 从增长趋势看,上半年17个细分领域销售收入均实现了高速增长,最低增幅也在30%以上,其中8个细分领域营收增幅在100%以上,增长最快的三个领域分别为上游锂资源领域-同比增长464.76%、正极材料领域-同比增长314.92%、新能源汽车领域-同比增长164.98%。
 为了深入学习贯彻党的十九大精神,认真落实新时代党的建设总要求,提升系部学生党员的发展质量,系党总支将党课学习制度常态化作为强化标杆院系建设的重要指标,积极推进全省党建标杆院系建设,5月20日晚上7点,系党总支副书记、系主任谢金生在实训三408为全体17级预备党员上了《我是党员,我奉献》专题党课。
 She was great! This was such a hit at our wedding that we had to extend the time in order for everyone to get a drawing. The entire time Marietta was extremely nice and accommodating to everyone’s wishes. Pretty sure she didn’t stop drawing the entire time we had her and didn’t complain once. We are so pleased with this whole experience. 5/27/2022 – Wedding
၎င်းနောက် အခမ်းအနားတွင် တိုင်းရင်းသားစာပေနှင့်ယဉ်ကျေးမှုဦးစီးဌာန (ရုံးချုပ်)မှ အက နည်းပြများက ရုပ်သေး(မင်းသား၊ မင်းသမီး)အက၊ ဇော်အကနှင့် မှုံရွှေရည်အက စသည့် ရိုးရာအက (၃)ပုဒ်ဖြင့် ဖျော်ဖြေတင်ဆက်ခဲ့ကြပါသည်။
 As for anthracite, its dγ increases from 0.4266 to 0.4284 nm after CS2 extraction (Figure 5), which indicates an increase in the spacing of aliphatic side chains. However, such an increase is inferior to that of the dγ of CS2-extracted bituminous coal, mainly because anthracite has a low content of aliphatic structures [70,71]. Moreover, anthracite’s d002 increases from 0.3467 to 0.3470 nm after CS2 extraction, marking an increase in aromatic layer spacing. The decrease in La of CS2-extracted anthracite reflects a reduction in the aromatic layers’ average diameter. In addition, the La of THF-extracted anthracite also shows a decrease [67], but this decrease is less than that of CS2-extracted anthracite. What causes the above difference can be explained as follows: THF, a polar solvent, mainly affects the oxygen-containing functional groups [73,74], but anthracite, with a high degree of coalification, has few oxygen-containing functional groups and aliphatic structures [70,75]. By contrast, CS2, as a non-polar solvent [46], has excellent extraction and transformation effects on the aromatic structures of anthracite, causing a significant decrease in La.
* * * *
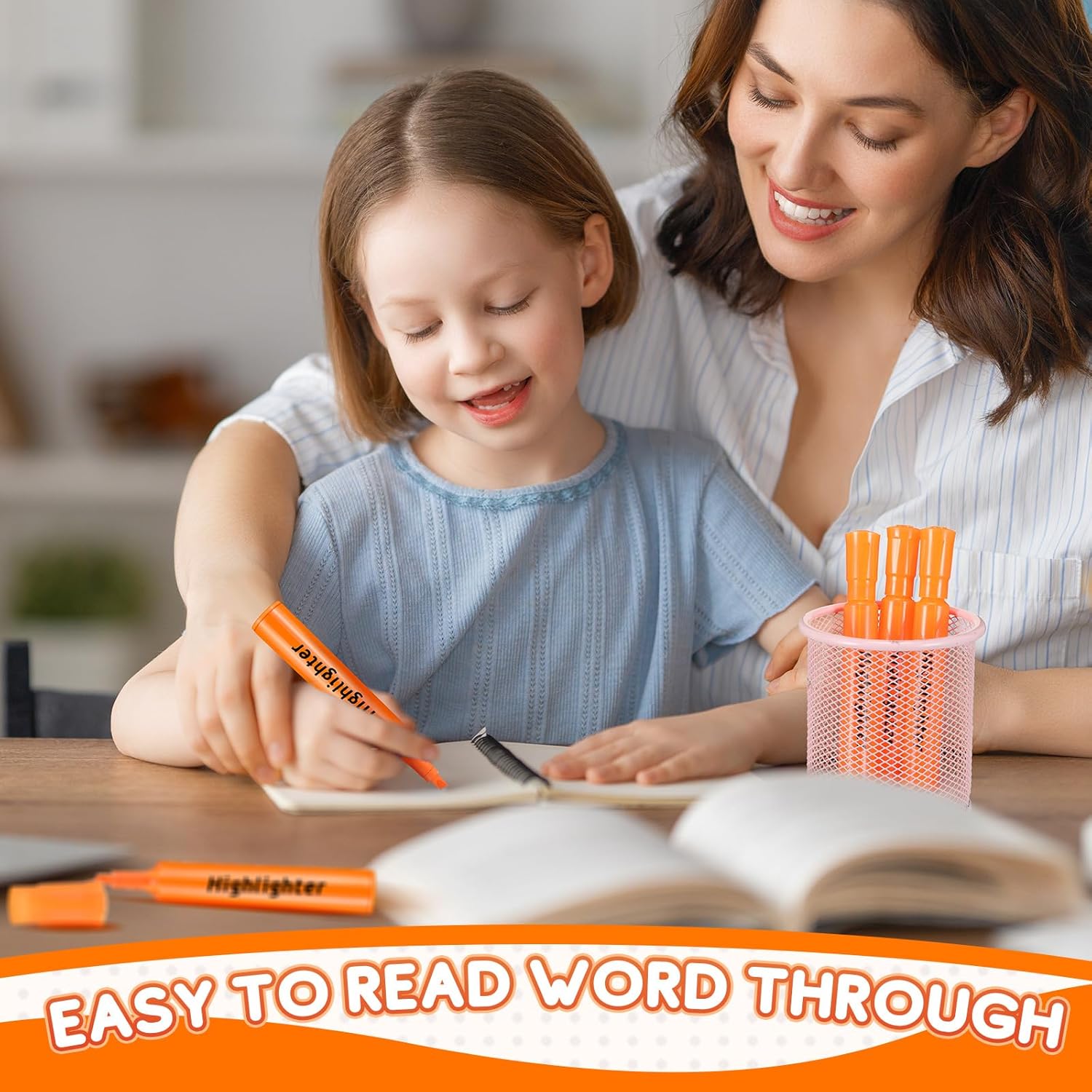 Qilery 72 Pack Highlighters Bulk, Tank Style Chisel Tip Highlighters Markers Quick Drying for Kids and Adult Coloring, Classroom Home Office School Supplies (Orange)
* * * *
» **Your assignment**: Reading through the records above, report each line in which the string "this" is found.

» **Task solution**:
 She was great! This was such a hit at our wedding that we had to extend the time in order for everyone to get a drawing. The entire time Marietta was extremely nice and accommodating to everyone’s wishes. Pretty sure she didn’t stop drawing the entire time we had her and didn’t complain once. We are so pleased with this whole experience. 5/27/2022 – Wedding
 As for anthracite, its dγ increases from 0.4266 to 0.4284 nm after CS2 extraction (Figure 5), which indicates an increase in the spacing of aliphatic side chains. However, such an increase is inferior to that of the dγ of CS2-extracted bituminous coal, mainly because anthracite has a low content of aliphatic structures [70,71]. Moreover, anthracite’s d002 increases from 0.3467 to 0.3470 nm after CS2 extraction, marking an increase in aromatic layer spacing. The decrease in La of CS2-extracted anthracite reflects a reduction in the aromatic layers’ average diameter. In addition, the La of THF-extracted anthracite also shows a decrease [67], but this decrease is less than that of CS2-extracted anthracite. What causes the above difference can be explained as follows: THF, a polar solvent, mainly affects the oxygen-containing functional groups [73,74], but anthracite, with a high degree of coalification, has few oxygen-containing functional groups and aliphatic structures [70,75]. By contrast, CS2, as a non-polar solvent [46], has excellent extraction and transformation effects on the aromatic structures of anthracite, causing a significant decrease in La.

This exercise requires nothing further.